37. Under clause 6 of the Agreement, the Guszowatys agreed to indemnify the strata for any and all loss, expenses, costs and damages to the CP arising out of, or resulting from, or sustained by reasons of their strata lot alterations. I find the stucco cladding and CP wall damage arose from the Guszowatys’ SL6 alterations. So, I find they were responsible to indemnify the strata for the $6,825.00 in expenses as they relate to the repairs. The signed work scope also stipulated that the Guszowatys would be responsible for any damage to CP that was related to their SL6 alteration. Based on these 2 clauses, I find the Guszowatys assumed liability for the CP damage and they must pay the strata the outstanding $1,990.54 repair expenses.

38. I now discuss Mr. Guszowaty’s counterclaim, which I dismiss.

Counterclaim

39. Mr. Guszowaty says DU’s “lack of judgement” in making a decision “on his own” caused them the loss. He says DU should have told H to put the job on hold until DU spoke with the council. His position is that the strata should take responsibility for its acting president’s actions at the time and reimburse what he paid for the repairs and for the gas line.

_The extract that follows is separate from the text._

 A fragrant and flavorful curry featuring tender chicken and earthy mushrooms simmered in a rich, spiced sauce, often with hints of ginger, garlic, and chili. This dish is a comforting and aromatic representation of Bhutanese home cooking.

40. I find DU expressing his lack of concern over the exterior gas line and his preference about its placement to H is not equivalent to the strata’s permission, written or otherwise, to install it. I find Mr. Guszowaty knew or reasonably should have known it was his responsibility under the bylaws to ensure he had written approval before altering the CP wall by installing the external gas line. I find Mr. Guszowaty should have told his contractor to stop work until he received the strata’s approval in writing. Instead, Mr. Guszowaty proceeded based on phone conversations. I find it is Mr. Guszowaty and not the strata who is responsible for this decision.

41. Mr. Guszowaty had an alternative option to install gas to the kitchen through the interior of SL6. This optionwas already approved and only the Guszowatys benefited from the new gas line. Given the council’s duty to manage the CP, and the installed gas line pierced a hole through the building envelope, I find the council’s decision to deny the Guszowatys’ retroactive request was reasonable. I also find council’s decision to repair the CP wall damage and charge the Guszowatys was consistent with the SPA, the bylaws and the terms of the Agreement.

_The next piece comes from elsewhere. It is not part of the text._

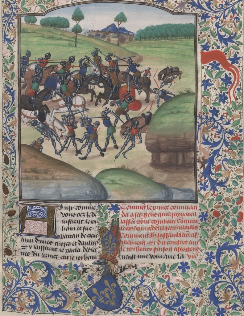 As in my factional perspective i like to bring to light the battle of Aljubarrota (1385), where it is established by a well recognized period chroniclar that the Spaniards came to the game with over a dozen trons but from which unfortunately there are no graphic evidence, we can depart from an ilumination of this battle contained in Chronique d'Angleterre (1401-1500) by Jean Wavrin, kept at the British Library and also the Siege of Lisbon (1384) by Jean Froissart (1337-1405), followed by a few picturesque illustrations from the said Chronique, as an atempt to stay in line with this thread topic.

42. In light of the bylaws and clauses 6 and 9 of the Agreement, I find the strata is not liable for the repairs or the gas line. I dismiss Mr. Guszowaty’s counterclaim.

CRT FEES, EXPENSES AND INTEREST

43. Under section 49 of the CRTA, and the CRT rules, the CRT will generally order an unsuccessful party to reimburse a successful party for CRT fees and reasonable dispute-related expenses. I see no reason in this case not to follow that general rule. I therefore order the Guszowatys to reimburse the strata for CRT fees of $225. The strata did not clam any dispute-related expenses. I dismiss Mr. Guszowaty’s claim for CRT fees.

44. The Court Order Interest Act (COIA) applies to the CRT. The strata is entitled to prejudgment interest on the $1,990.54 debt from August 3, 2021, the debt due date as set out in the Dispute Notice, to the date of this decision. The interest equals $6.06.

45. The strata must comply with section 189.4 of the SPA, which includes not charging dispute-related expenses against the Guszowatys.

ORDERS

46. I order that within 30 days of this decision that the Guszowatys pay the strata a total of $2,221.60, broken down as follows:

a.    $1,990.54 in debt,

b.    $6.06 in prejudgment interest under the COIA, and

c.    $225 in CRT fees.

47. The strata is entitled to post-judgment interest, as applicable.

48. I dismiss Mr. Guszowaty’s counterclaims.